## Testing Randomness with Compression

Maple

Continuing on in this series of posts, here is a way to test the randomness of a sequence of bits from a PRNG that is the appropriate to the first morning back after the August long weekend.  It is a very fast, and not very formal test done by checking how well a sequence compresses.
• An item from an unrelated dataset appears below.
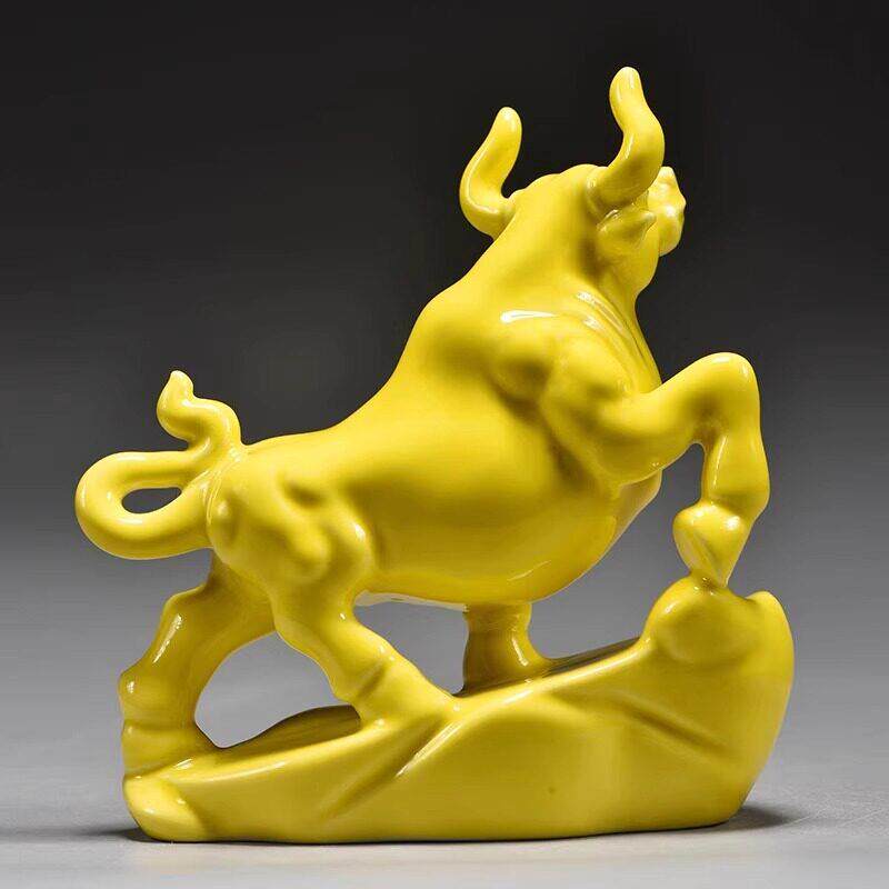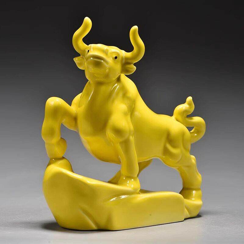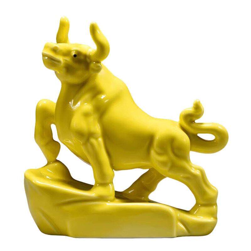 黄色陶瓷牛摆件十二生肖牛气冲天吉祥物化解化妆室厨房装饰工艺礼
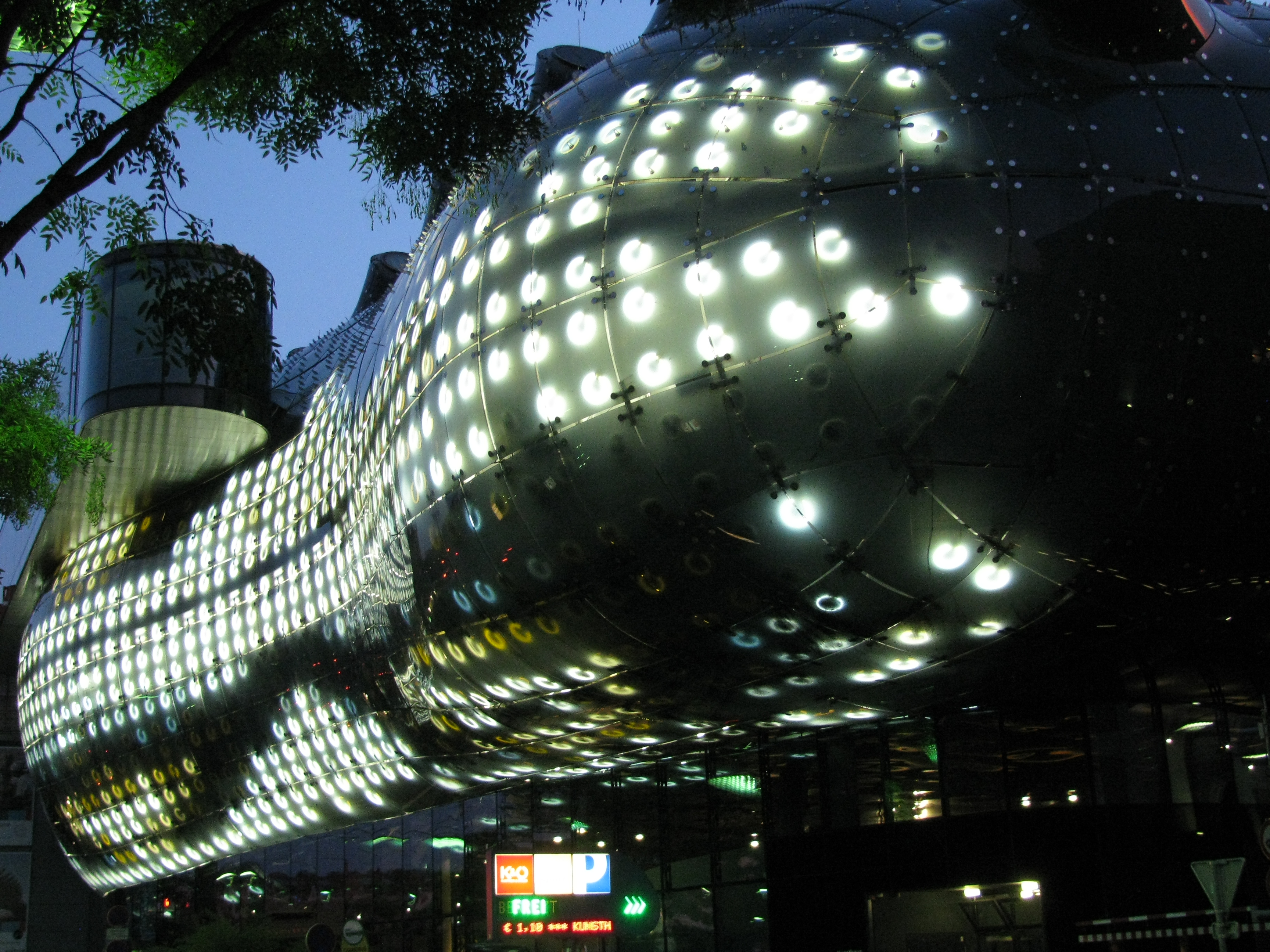 На снимке город Грац Кунстхаус Галерея современного искусства. Мы с мужем назвали это Наутилус. Сооружение просто фантастическое! Сначала рассматривали и фотографировали днем, потом вечером. Вариантов фоток было много. Далеко не все удачные. Я старалась! Как это можно было снять удачнее - хотелось бы узнать от Вас.

This is really easy in Maple 14, with the new commands ?StringTools:-Compress and StringTools:-Uncompress which use zlib.  Here is a simple procedure to take a list of ones and zeroes and return (approximately) how compressible it is:

`Compressibility := proc(L::list, \$)local byteArray, compressedArray, compression;    byteArray := Array(1..floor(nops(L)/8),        i->Bits:-Join([seq(L[j],j=8*(i-1)+1..8*(i-1)+8)])-128,        datatype=integer);    compressedArray := StringTools:-Compress(byteArray);    compression := (rtable_num_elems(compressedArray)-9) / rtable_num_elems(byteArray);    return  evalf(compression);end proc: #Compressibility`

It simply packs the bits into one byte signed integers (Maple type integer) and then compresses. A fudge factor of 9 is subtracted from the length of the compresses array to take into account the zlib header and then a ratio is computed. An answer greater than 1 means the input was uncompressible. An answer less than one likely means the input is likely not random - the smaller the number, the less likely.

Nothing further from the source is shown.